Re: [Linux-ha-dev] Adding reload to the OCF specification

2006-07-03 Thread Lars Marowsky-Bree
On 2006-07-01T08:43:05, Andrew Beekhof [EMAIL PROTECTED] wrote:

 Lack of disagreement implies agreement.
 
 Alan, how about we plan this as an enhancement for 2.0.7?
 
 Unlikely.
 This is a significant departure from the current design and a major
 piece of work.

Well, ok. So not 2.0.7. ;-)

But, is it such a major departure from the current design?
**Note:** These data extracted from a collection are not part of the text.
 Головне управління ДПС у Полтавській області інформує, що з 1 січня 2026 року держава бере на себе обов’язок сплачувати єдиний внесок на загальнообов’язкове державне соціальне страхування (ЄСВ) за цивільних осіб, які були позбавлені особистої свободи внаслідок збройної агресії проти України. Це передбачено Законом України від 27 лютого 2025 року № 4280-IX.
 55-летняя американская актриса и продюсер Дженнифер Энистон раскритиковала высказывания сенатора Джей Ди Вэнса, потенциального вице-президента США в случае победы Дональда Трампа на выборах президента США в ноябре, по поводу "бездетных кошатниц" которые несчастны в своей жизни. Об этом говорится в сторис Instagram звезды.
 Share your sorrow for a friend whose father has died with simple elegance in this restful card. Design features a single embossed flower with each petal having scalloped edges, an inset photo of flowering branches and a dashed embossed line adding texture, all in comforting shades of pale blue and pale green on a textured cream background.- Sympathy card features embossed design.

We do notice already when the instance parameters have changed. So, for
some resources (or some instance parameters, which may be harder), we
know figure that this means we don't have to stop  start them, but that
we send them a reload with the new parameters. Which we can then use
from there on.

If it fails, we treat it like we treat any other failed op, namely: the
resource has failed.

The reload op is even tracked in the lrmd for us.
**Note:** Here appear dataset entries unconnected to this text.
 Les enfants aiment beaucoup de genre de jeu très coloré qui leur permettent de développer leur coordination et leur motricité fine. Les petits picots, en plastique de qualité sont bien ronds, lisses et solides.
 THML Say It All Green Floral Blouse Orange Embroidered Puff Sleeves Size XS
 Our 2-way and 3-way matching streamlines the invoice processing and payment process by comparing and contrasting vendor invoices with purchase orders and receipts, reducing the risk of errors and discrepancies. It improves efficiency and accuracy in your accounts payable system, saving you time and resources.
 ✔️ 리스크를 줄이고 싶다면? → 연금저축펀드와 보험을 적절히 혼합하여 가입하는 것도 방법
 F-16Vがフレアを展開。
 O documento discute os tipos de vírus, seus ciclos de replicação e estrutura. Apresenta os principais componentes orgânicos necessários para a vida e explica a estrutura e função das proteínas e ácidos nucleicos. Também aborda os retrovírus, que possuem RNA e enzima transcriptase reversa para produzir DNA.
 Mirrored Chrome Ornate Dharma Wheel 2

Of course it's different, but fundamentally so? I think not. I may be
wrong here.

 Essentially all the same problems from the migrate discussion apply.

Well, the migrate discussion is special in the sense that an op on one
node causes a resource to appear somewhere else, ie an op which crosses
node boundaries. That is, indeed, a major change.

I must have been dumb here, and missing something. What is it? ;-)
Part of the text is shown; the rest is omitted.